Pictures in the material below are to be left out, and only the lines from the line with "Икона живописная на" up to and including the line with "Postcard depicting a" are to be written out exactly.

Source records:
----
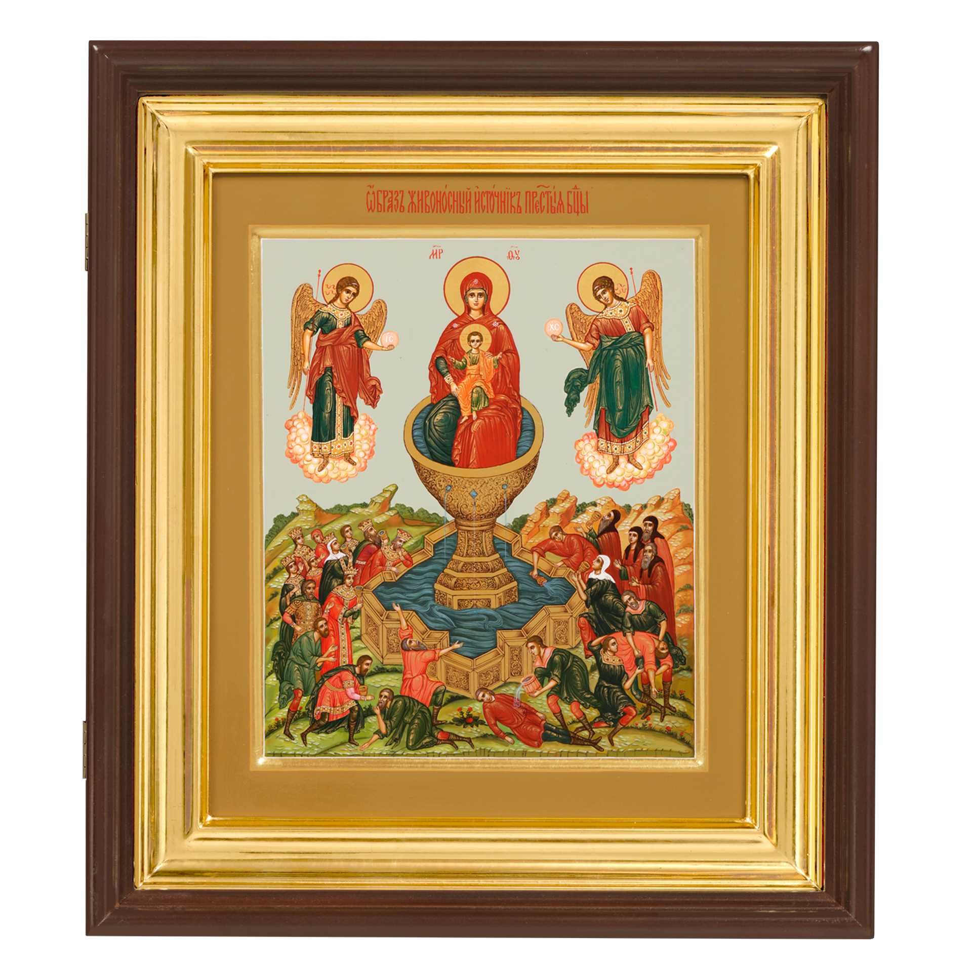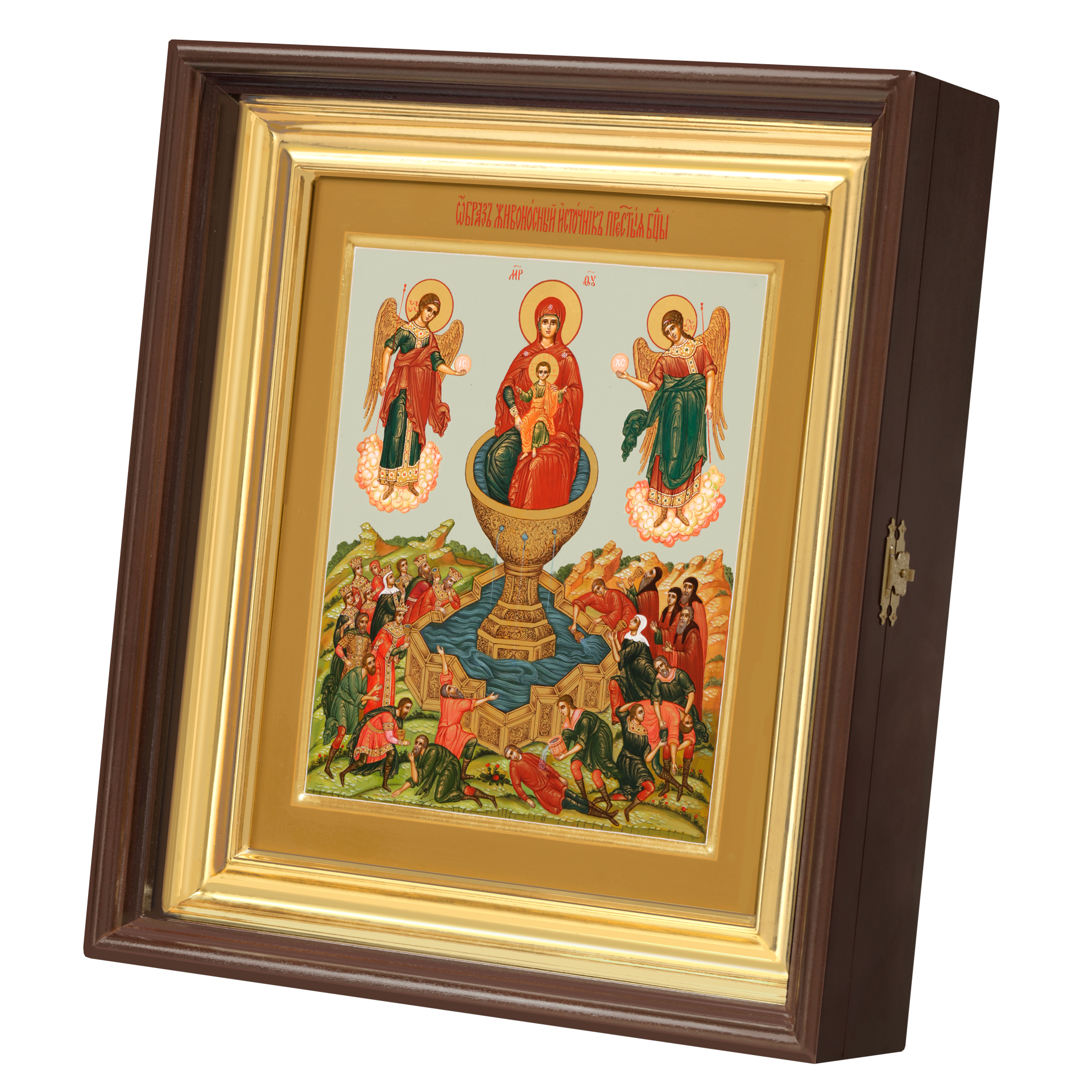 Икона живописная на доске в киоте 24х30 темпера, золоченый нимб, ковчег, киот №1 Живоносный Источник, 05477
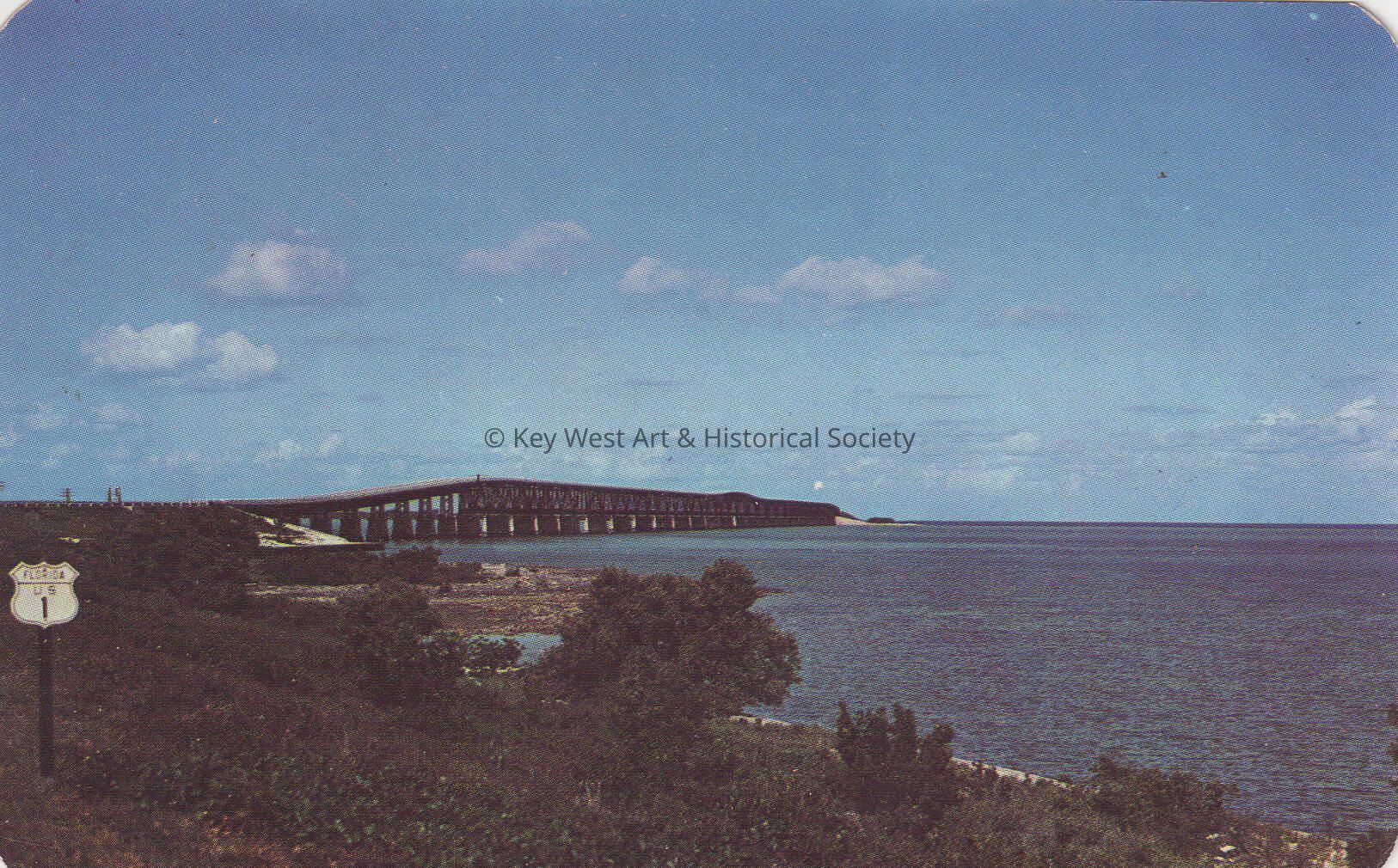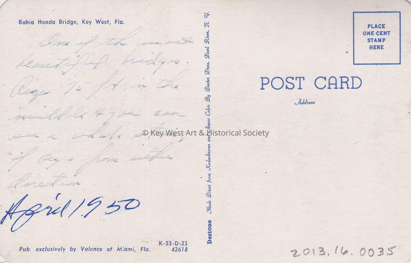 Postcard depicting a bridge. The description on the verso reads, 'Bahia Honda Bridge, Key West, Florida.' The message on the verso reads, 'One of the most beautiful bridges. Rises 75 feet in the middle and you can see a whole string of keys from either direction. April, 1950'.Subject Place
----
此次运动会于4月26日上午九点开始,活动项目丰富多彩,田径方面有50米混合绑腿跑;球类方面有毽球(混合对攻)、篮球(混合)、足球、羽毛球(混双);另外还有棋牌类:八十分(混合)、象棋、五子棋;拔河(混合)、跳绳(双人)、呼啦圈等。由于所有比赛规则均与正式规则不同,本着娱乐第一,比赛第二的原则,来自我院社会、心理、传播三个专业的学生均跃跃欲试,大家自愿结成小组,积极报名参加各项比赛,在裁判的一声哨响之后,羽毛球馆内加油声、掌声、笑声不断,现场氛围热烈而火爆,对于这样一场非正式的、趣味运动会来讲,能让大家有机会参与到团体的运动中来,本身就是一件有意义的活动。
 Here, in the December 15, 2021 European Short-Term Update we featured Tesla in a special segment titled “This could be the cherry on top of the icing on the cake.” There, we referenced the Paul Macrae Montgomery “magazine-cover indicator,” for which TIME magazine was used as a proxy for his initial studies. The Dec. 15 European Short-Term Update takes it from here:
----
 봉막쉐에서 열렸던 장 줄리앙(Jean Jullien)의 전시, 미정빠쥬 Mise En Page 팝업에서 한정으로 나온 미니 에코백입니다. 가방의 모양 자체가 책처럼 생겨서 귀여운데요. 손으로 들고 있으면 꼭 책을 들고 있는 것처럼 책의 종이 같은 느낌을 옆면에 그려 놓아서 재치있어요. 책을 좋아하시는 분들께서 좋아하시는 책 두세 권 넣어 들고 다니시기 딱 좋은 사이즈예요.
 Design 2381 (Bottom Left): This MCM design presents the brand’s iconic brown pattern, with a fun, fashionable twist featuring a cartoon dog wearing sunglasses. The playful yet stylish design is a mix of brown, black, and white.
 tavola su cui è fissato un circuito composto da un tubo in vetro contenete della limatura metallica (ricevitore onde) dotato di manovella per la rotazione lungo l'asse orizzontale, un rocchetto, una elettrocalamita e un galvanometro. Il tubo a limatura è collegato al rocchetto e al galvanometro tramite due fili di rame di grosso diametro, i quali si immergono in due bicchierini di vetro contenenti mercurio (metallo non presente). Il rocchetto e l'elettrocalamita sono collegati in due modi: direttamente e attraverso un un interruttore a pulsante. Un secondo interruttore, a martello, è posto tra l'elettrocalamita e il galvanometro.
----
Answer section:
 Икона живописная на доске в киоте 24х30 темпера, золоченый нимб, ковчег, киот №1 Живоносный Источник, 05477
 Postcard depicting a bridge. The description on the verso reads, 'Bahia Honda Bridge, Key West, Florida.' The message on the verso reads, 'One of the most beautiful bridges. Rises 75 feet in the middle and you can see a whole string of keys from either direction. April, 1950'.Subject Place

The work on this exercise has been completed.